Instance groups should intelligently downsize based on reality
Affects | Status | Importance | Assigned to | Milestone | |
---|---|---|---|---|---|
OpenStack Heat |
Triaged
|
Medium
|
Anant Patil |
Bug Description
If I have a template making use of instance groups (auto scaled or not), when I reduce the count, I would expect some resources to be deleted.
However, if I have already deleted some of those manually, I would not expect an arbitrary resource to be deleted, but for Heat to just check the resources and remove reference to the already removed resource.
This is related to convergence, but it solves a chicken/egg problem with convergence. In convergence, the stack definition will be compared to reality, and anything missing from reality will be handled. But that only works for resurrecting dead resources. In this case, if I update the stack with a lower count it will delete the newest resources before I've had a chance to run convergence.
Changed in heat: | |
status: | New → Triaged |
importance: | Undecided → Medium |
Changed in heat: | |
assignee: | nobody → Anant Patil (ananta) |
tags: | added: autoscaling fixed-by-convergence |
Changed in heat: | |
milestone: | none → no-priority-tag-bugs |
The problem is that Heat is not aware of any out-of-band events. Periodically polling nova to retrieve instance status is not a good idea. So I have tried to detect this kind of events using ceilometer. Actually, instance lifecycle events are reported upwards from the hypervisor to nova, and nova is generating notifications that can be received by ceilometer. The only missing link is to have ceilometer to notify Heat about these events, e.g. compute. instance. delete. end.

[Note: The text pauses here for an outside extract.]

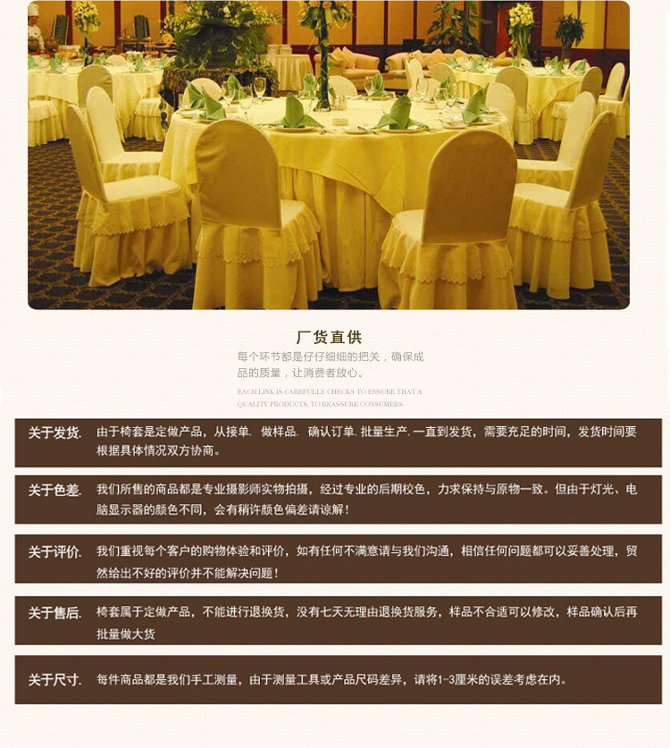 Our company specializes in production and wholesale???? Chinese-style hotel textile cloth product such as tablecloth, chair cover, table skirt, turntable cover, napkin, Cup cloth, napkin, etc; ???? Hotel guest room bedding such as bed sheet, quilt cover, fitted sheet, bed skirt, bed runner, pillow, etc; ???? European wedding, banquet, party supplies such as: elastic chair cover, chair back high-end decorations, European popular tablecloth, etc. ? We only do what we can do to make our products more professional and superior in quality. ? All kinds of fabric styles of our factory can be customized, and can also be customization as request! ? Factory Direct sales, cheap and good, gives you the best service and the most competitive price. ? Tel: 15869299996 (Miss Gong)? ? 0579-85058867 welcome to inquire!?? ? QQ:524727907 ?? WeChat: 524727907 WeChat * * * * * * * * * * * * * * * * * * * * * * * * * * * * * * * * * * * * * * * * * * * * * * * * * * * * * * * * * * * * * * * * * * * * * * * * * * * * * * * * * * * * * * * * * * * * * * * * * * * * * * * * * * * * * * * * * * * * * * * * * * * * * * * * * * * * * * * * * * * * * * * * * * * * * * * * * * * * * * * * * * * * * * * * * * * * * * * * * * * * * * * * * * * * * * * * * * * * * * * * * * * * * * * * * * * * * * * * * * * * * * * * * * * * * * * * * * * * * * * * * * * * * * * * * * * * * * * * * * * * * * * * * * * * * * * * * * * * * * * * * * * * * * * * * * * * * * * * * * * * * * * * * * * * * * * * * * * * * * * * * * * * * * * * * * * * * * * * * * * * * * * * * * * * * * * * * * * * * * * * * * * * * * * * * * * * * * * * * * * * * * * * * * * * * * * * * * * * * * * * * * * * * * * * * * * * * * * * * * * * * * * * * * * * * * * * * * * * * * * * * * * * * * * * * * *
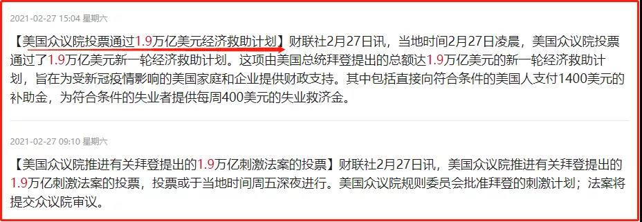 The second important reason for the rising tide is the global central banks’ flood of monetary increases, especially the Federal Reserve’s announcement last year that it would first reduce the federal reserve funds rate to zero and launch a $700 billion QE program, followed by the opening of an unlimited bond purchase mode, that is, every day that week will buy $75 billion of Treasuries and $50 billion of agency home mortgage-backed securities (MBS), while saying that after Yesterday the U.S. House of Representatives passed a $1.9 trillion economic bailout plan on fire, and some of the additional hot money liquidity will inevitably flow into the financial markets, with inflationary expectations of commodity price increases already in play.

There are two barriers to get this done:
1. Ceilometer support to alarms based on events (rather than meters). There has been work on this, but abandoned. I'm trying to resurrect that work.
2. This kind of alarms are not expected by Heat, thus Heat won't subscribe to them. When this event does happen, we need a proper authentication to invoke resource_signal, because we don't have alarm_url, and we don't have domain user credentials.